Problem to solve: There is material below. Print exactly the lines starting at the line with "Un frammento della" and ending at the line with "100% Cotton Nepal", ends included, and no others.

Task inputs:
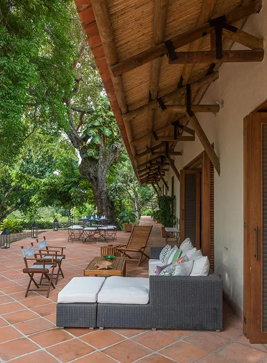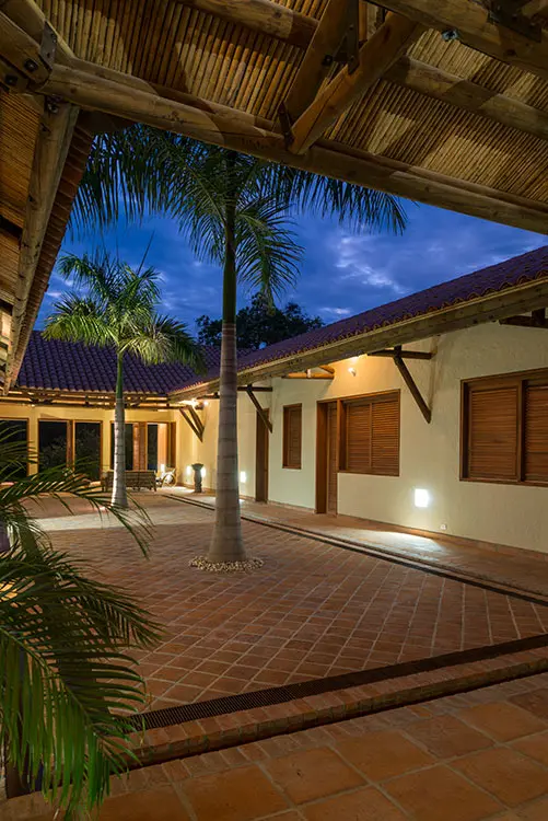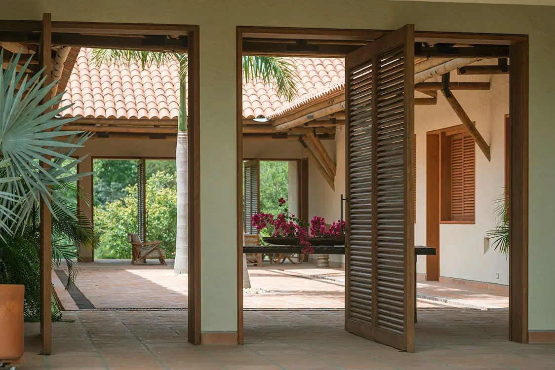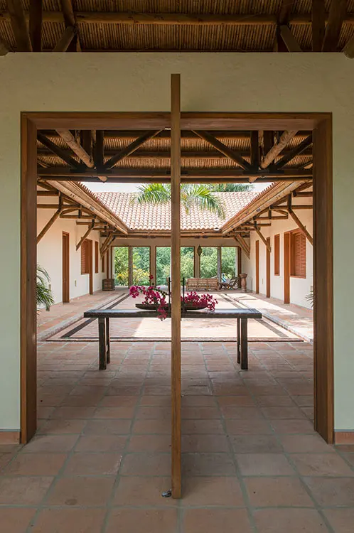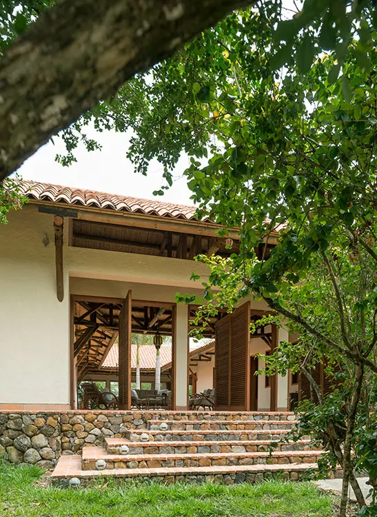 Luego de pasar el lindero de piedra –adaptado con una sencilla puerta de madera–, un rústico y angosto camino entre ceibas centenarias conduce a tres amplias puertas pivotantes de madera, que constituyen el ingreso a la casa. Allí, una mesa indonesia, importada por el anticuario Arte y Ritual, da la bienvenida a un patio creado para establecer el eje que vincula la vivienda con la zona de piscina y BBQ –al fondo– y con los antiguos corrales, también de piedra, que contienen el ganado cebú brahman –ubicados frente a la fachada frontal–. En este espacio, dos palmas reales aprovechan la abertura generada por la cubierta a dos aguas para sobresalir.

...

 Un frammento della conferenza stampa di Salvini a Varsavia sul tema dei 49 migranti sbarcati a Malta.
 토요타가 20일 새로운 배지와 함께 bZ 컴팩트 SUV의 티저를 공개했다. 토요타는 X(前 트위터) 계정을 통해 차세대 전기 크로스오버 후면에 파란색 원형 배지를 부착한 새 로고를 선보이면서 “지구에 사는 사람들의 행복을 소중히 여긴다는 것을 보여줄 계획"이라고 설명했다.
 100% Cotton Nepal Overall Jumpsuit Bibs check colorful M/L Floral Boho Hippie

* * *

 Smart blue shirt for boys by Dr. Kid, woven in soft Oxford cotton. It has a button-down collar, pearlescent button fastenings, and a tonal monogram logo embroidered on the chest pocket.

Written response:
 Un frammento della conferenza stampa di Salvini a Varsavia sul tema dei 49 migranti sbarcati a Malta.
 토요타가 20일 새로운 배지와 함께 bZ 컴팩트 SUV의 티저를 공개했다. 토요타는 X(前 트위터) 계정을 통해 차세대 전기 크로스오버 후면에 파란색 원형 배지를 부착한 새 로고를 선보이면서 “지구에 사는 사람들의 행복을 소중히 여긴다는 것을 보여줄 계획"이라고 설명했다.
 100% Cotton Nepal Overall Jumpsuit Bibs check colorful M/L Floral Boho Hippie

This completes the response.